→ **PROBLEM STATEMENT**
Exact copy, no pictures: every line from the one that contains "This Birthday money" through the end of the data below, and nothing else.

→ **RECORDED DATA**
※ ※ ※

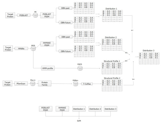 To predict the secondary structure class of each amino acid, the DSPRED method is used, which employs separate dynamic Bayesian network (DBN) classifiers for PSI-BLAST and HHMAKE PSSMs. Each DBN model produces a marginal a posteriori distribution (called Distribution 1 and 2) of class labels given the input features. These distributions are combined with structural profile matrices through model averaging to obtain Distribution 3 [11]. In this work, the one-sided amino acid window of DBN classifiers is set to and the one-sided secondary structure history window is set to . In the next step, PSI-BLAST PSSM, HHMAKE PSSM, Distributions 1, 2 and 3 are used as input features of the SVM classifier. To predict the secondary structure class, a symmetric window of size 11 is taken around each amino acid and features in this window are concatenated to obtain a total of 539 features (PSI-BLAST PSSM: features, HHMAKE PSSM: features, Distributions 1–3: features). The steps of the DSPRED method are shown in Figure 3. Note that in the present work the second structural profile matrix is not employed (i.e., is set to 0). Details of DSPRED can be found in Aydin et al. [9,11] and the thesis work of Görmez [34].
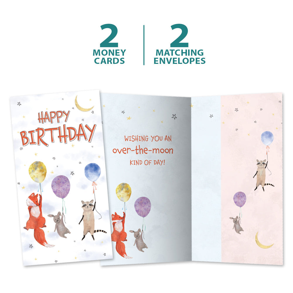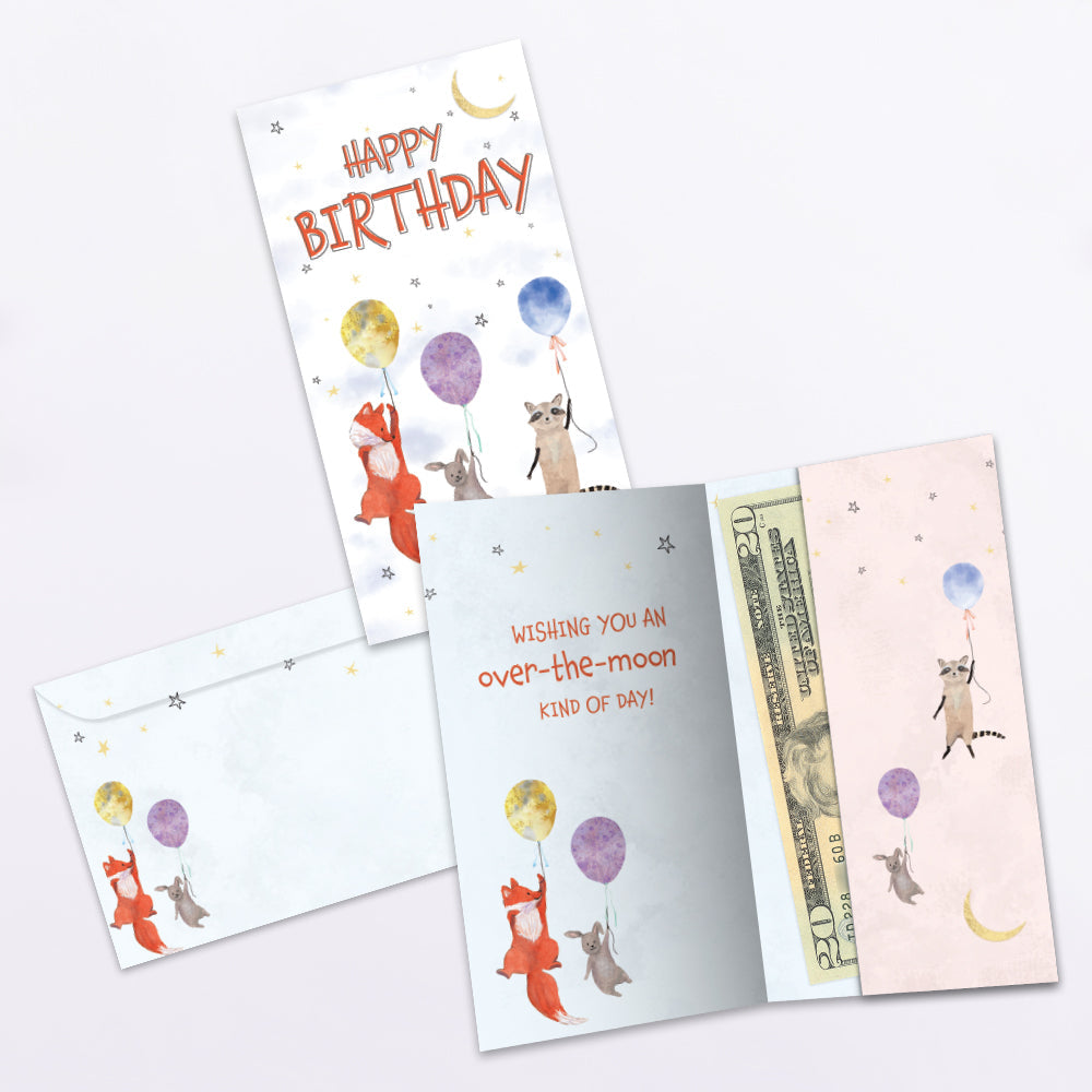 This Birthday money holder greeting card set shares the message "Happy birthday" on the cover, and on the inside reads "Wishing you an over-the-moon kind of day!". It features art by Tina van Dijk and includes two 3.7 x 7 money holder greeting cards with matching ARTvelope (all our 3.7 x 7 envelopes are designed to match the greeting card cover art). Printing powered by solar energy. 100% Post-consumer recycled. Proudly Made in the USA
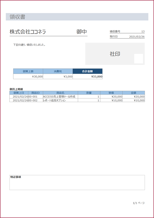 ACCESSで領収書を作成する方法は?
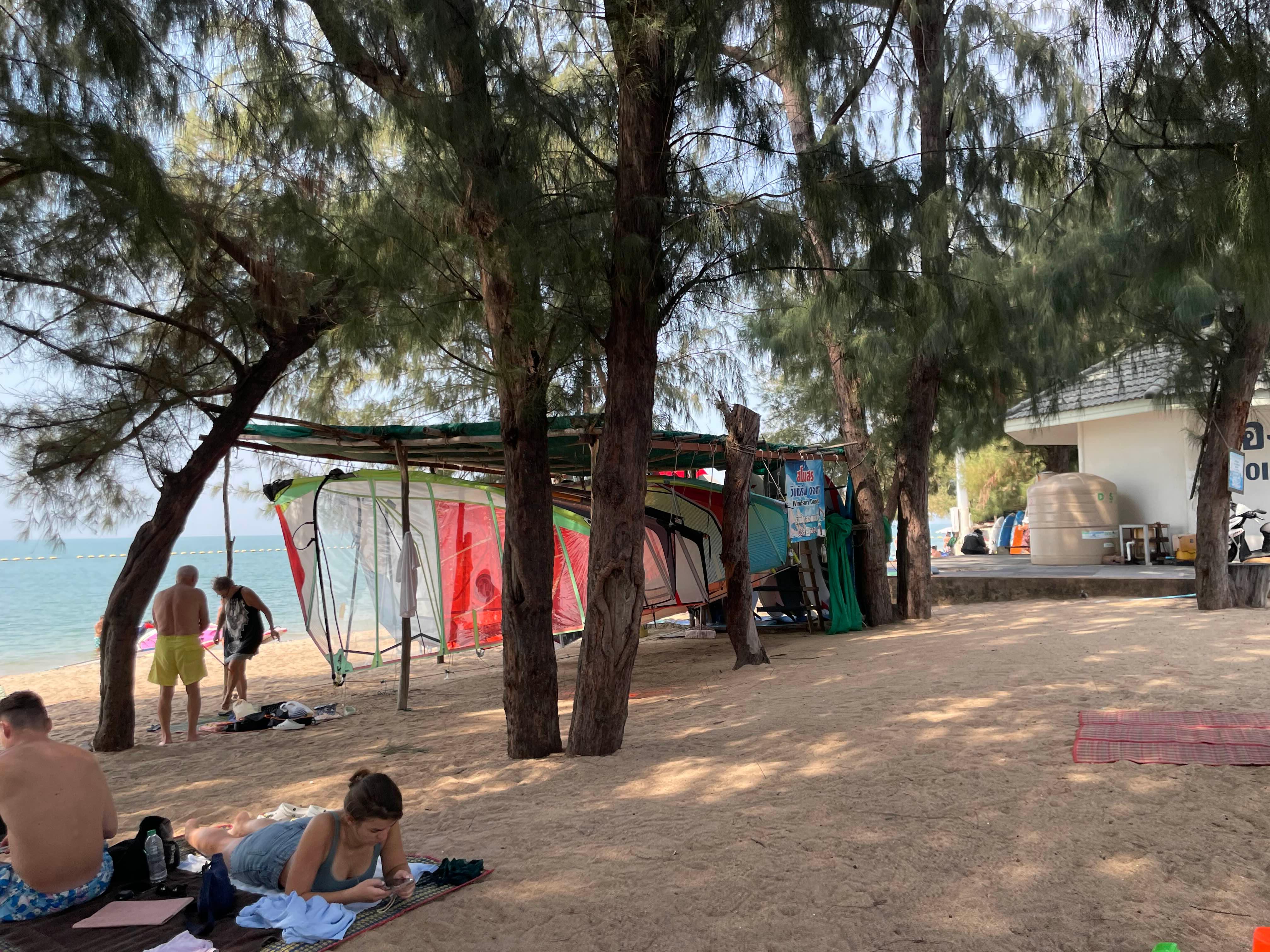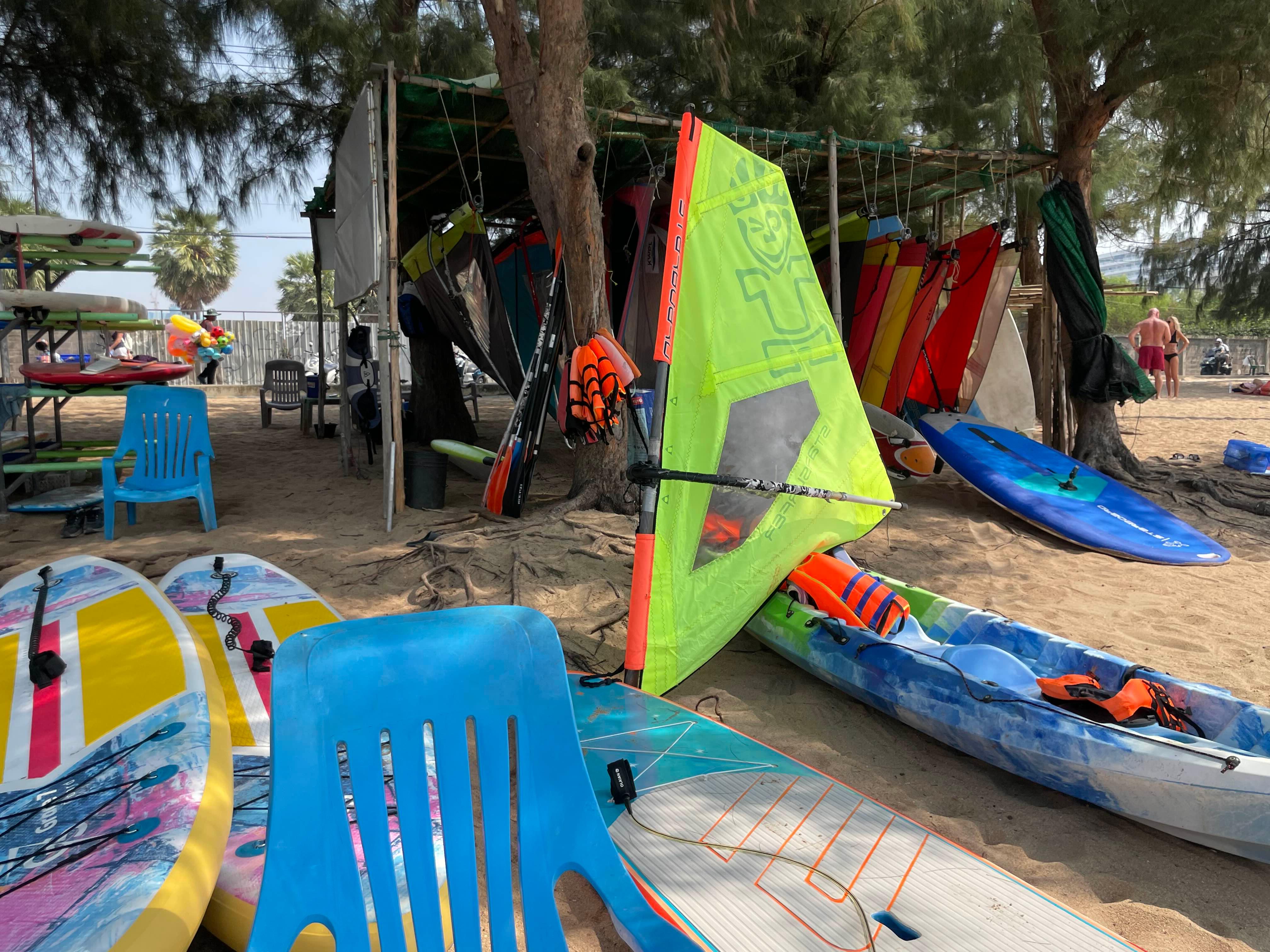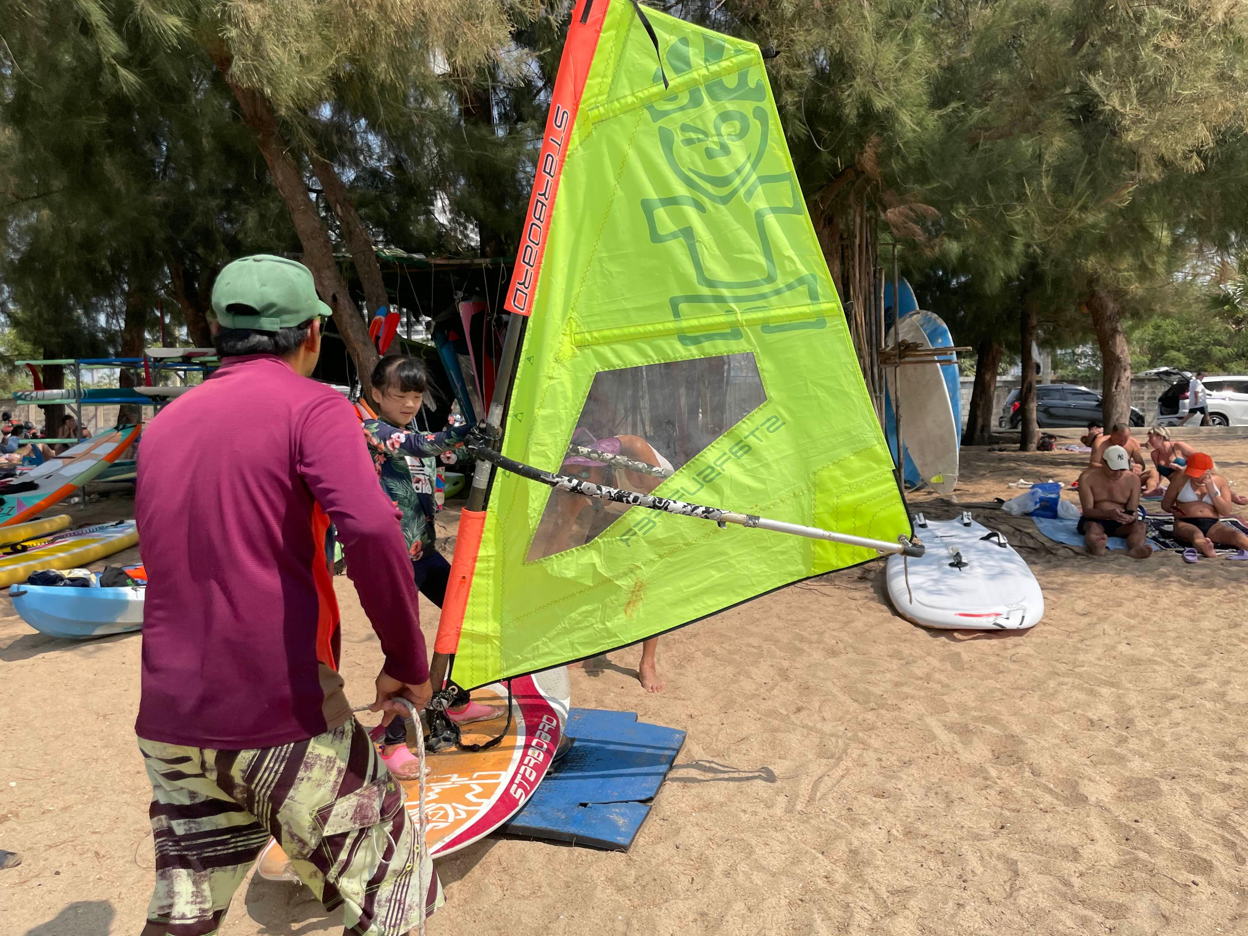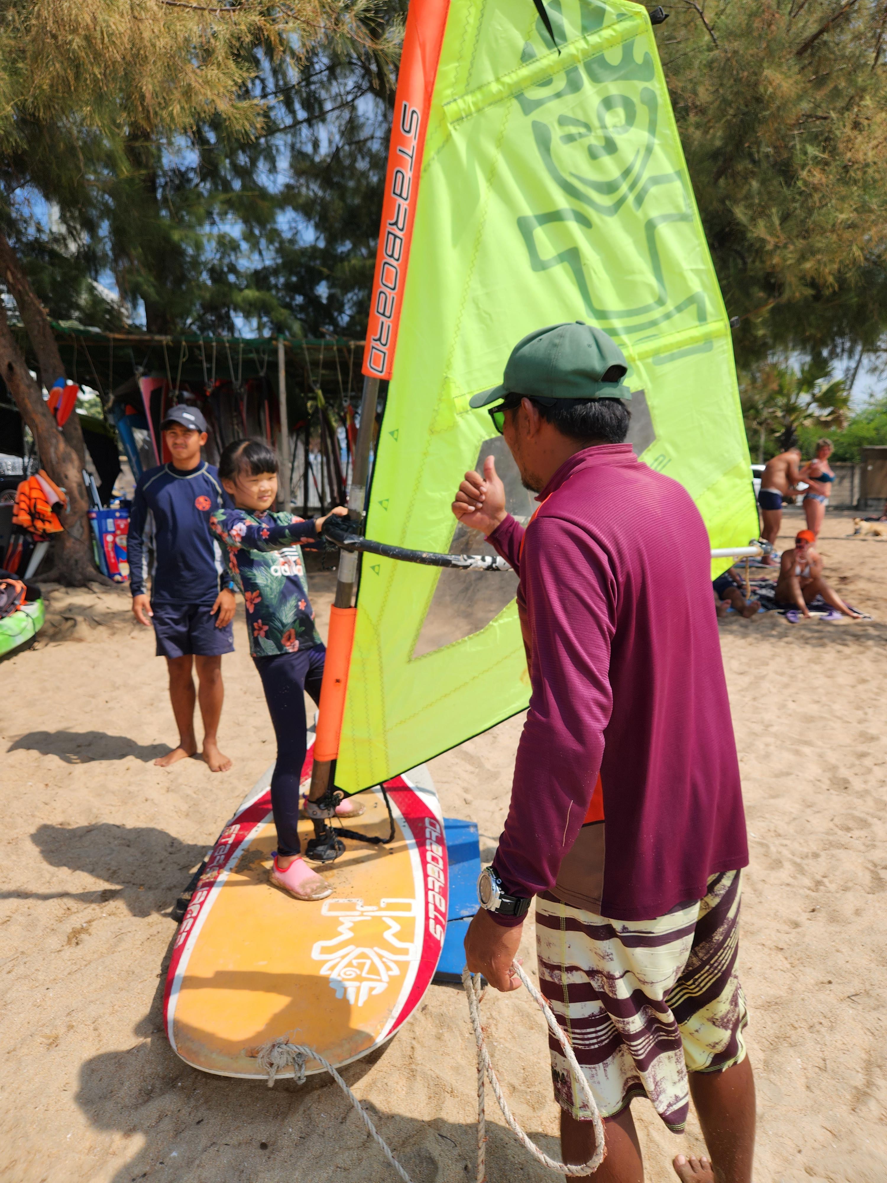 윈드서핑 강습요금은 1시간에 1000밧, 3시간에 2,500밧입니다. 임대는 500밧!

※ ※ ※

→ **OUTPUT FOR THIS TASK**
 This Birthday money holder greeting card set shares the message "Happy birthday" on the cover, and on the inside reads "Wishing you an over-the-moon kind of day!". It features art by Tina van Dijk and includes two 3.7 x 7 money holder greeting cards with matching ARTvelope (all our 3.7 x 7 envelopes are designed to match the greeting card cover art). Printing powered by solar energy. 100% Post-consumer recycled. Proudly Made in the USA
 ACCESSで領収書を作成する方法は?
 윈드서핑 강습요금은 1시간에 1000밧, 3시간에 2,500밧입니다. 임대는 500밧!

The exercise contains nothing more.